FIG. 1 is an explanatory diagram showing block groups of various compensation filters in a fuel amount calculation system in an embodiment of the present invention.

FIG. 2 is a hardware configuration diagram of an engine control system used in the above embodiment.

FIG. 3 is an explanatory diagram showing the internal configuration of the engine control device used in the above embodiment.

FIG. 4 is an explanatory diagram showing the principle of compensation for fuel adhesion on the intake pipe wall used in the above embodiment.

FIG. 5 is an explanatory diagram showing the calculation operation of the fuel compensation system of the above embodiment.

FIG. 6 is a diagram comparing the gains when a part of the fuel compensation filter system of the above embodiment is omitted and when it is not.

FIG. 7 is a flowchart showing an operation program of the engine control device of the above embodiment.

FIG. 8 is a flowchart showing a fuel injection operation routine of the above embodiment.

FIG. 9 is a flowchart showing the compensation operation of the air flow system of the above embodiment.

FIG. 10 is a flowchart showing operations of various compensation filters used in the above embodiment.

FIG. 11 is a flowchart showing the mode selection operation of the multistage connection compensation filter used in the above embodiment.

[Explanation of symbols]

11...Hard filter, 12...Air flow meter compensation filter, 14...Intake pipe pressure calculation block, 15...Cylinder inflow air amount calculation block, 16...Fuel transport delay compensation filter,
17... Intake pipe wall fuel adhesion compensation filter, 18... Fuel calculation block, 21... Hot wire air flow system, 22... Idle switch, 23... Engine control device (fuel calculation means with compensation filter, filter route automatic change means), 24...Injector.

Claims (2)

[Claims] Claim 1: An engine control device comprising means for measuring the intake air flow rate of an engine using an air flow sensor and calculating an optimum fuel amount for the engine based on the measured value, comprising: Various types of compensation filters are connected in multiple stages, and a means is provided for automatically changing the filter path by selecting filters to be used and filters to be omitted from among these various types of compensation filters according to the operating state of the engine.
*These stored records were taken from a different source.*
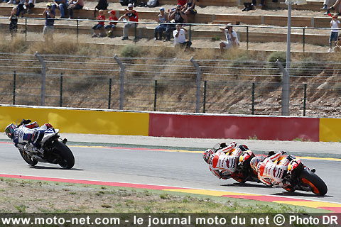 D'abord les victoires de Rins en Moto3 puis de Terol en Moto2 pour mettre en appétit les 60 000 spectateurs, puis le "plat de résistance" : la lutte entre l'infernal trio espagnol "Marquez-Lorenzo-Pedrosa" (lire notre compte rendu de la course MotoGP à Aragon) !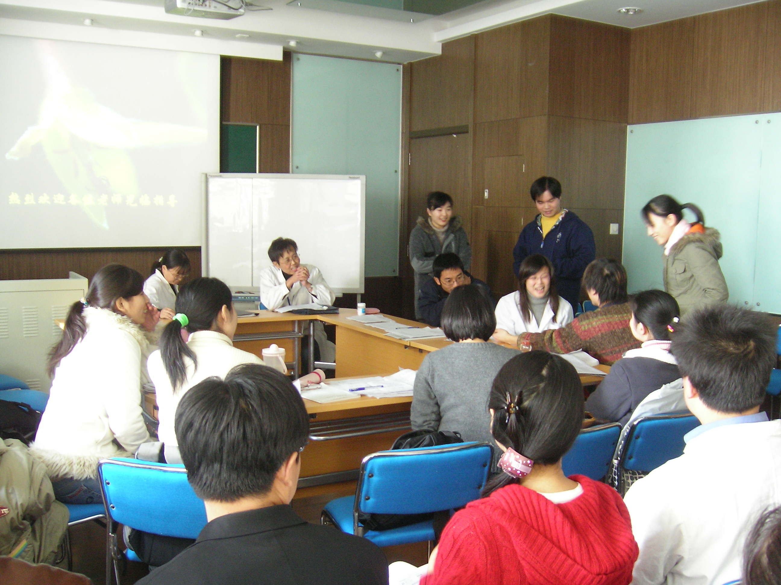 1:30公开课准时开始,班上同学被分成了两组,分别利用一节课时间先后对不同问题进行讨论。第一组同学首先以小品的方式直观地展示了一个运用中医传统“根结”理论治疗坐骨神经痛的病例,继而由小组长主持,围绕中医古典医籍的认识、现代临床实际运用及研究进行了讨论和发言、总结。第二组的讨论开始后气氛显得较为热烈,同学们对“巨刺”“缪刺”理论中某些问题产生了较激烈的争论,有些问题还被同学抛向了在一旁观摩的老师,争论甚至引得已结束讨论的第一组同学按捺不住举手发言。两组同学在整个讨论过程中,均有一位同学专事记录,并随时打印出记录内容。他们在讨论课结束时还按照徐老师的要求为另一组每位同学的表现进行了评价和打分。课堂上徐平老师和另一位辅助教师张翠红始终坐在同学中间,时而提出问题,时而加入讨论,时而引导讨论的进程或提示课后应注意学习的内容。同学们热情高涨、积极发言、敢于质疑、相互激励的表现以及引经据典、归纳资料的能力均给观摩者留下了很深的印象,很难想象内容难免枯燥的医经选读课能如此吸引同学、变得如此生动。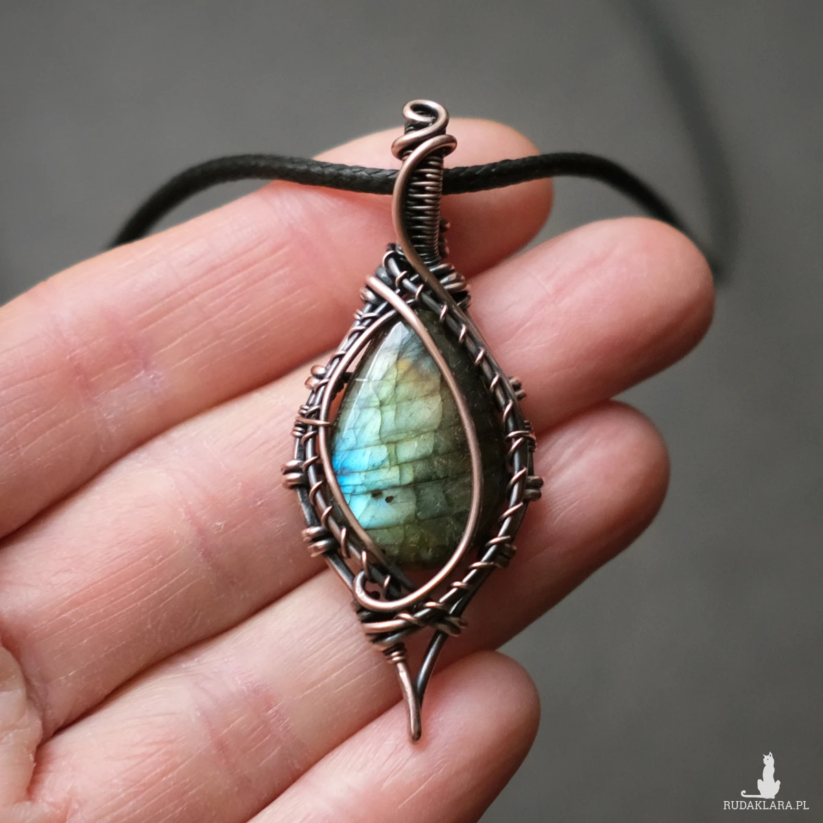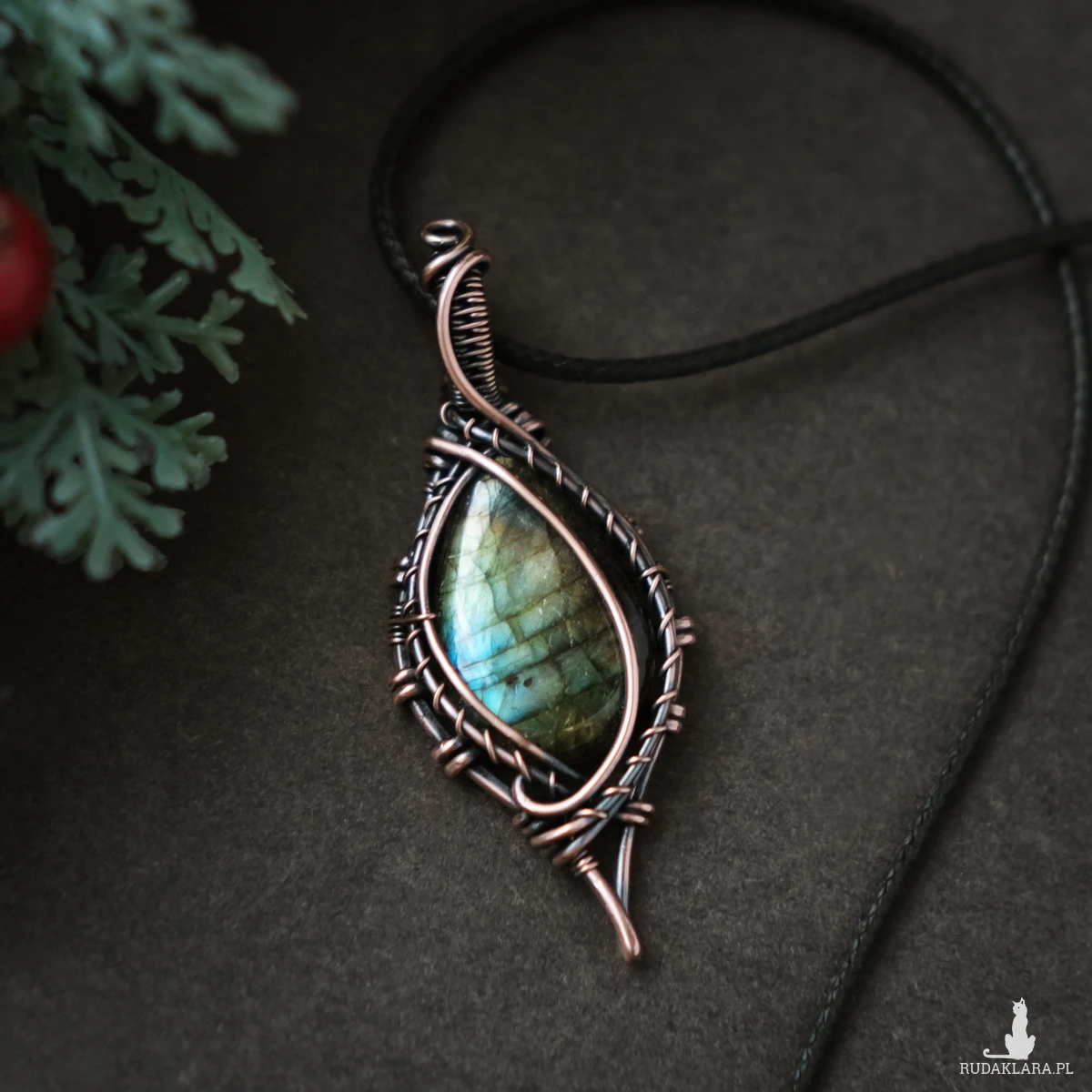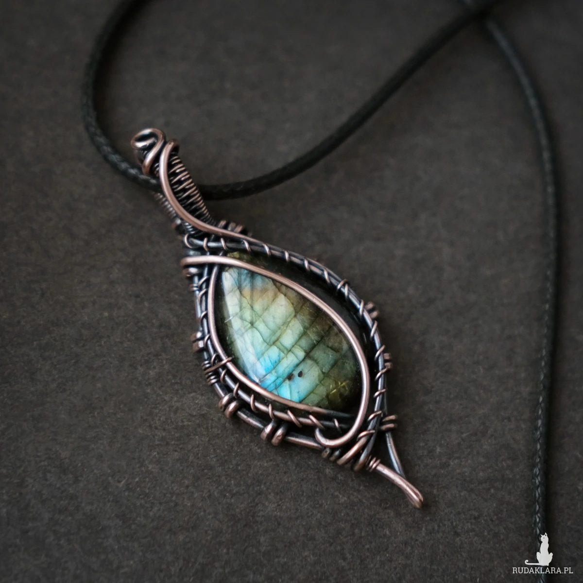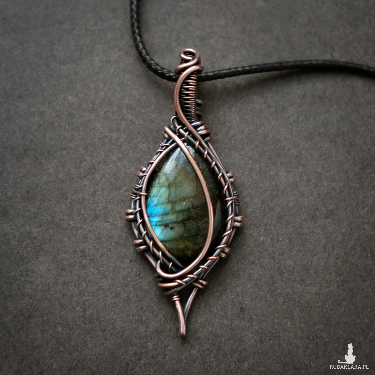 Piękny miedziany wisiorek w elfickim stylu z kamieniem labradorytu.

Characteristic engine control device. 2. The various types of compensation filters include various types of digital filters connected in multiple stages for use in compensating for the air flow rate sensor, compensating for fuel transport delays in the intake system, compensating for fuel adhering to the intake pipe wall of the engine, etc. The filter path automatic change means detects transient operation and steady operation of the engine from a throttle sensor, an idle switch, etc., and changes the filter in the compensation filter group based on the filter connection mode suitable for each state. An engine control device characterized by being set to allow selection of use or omission of.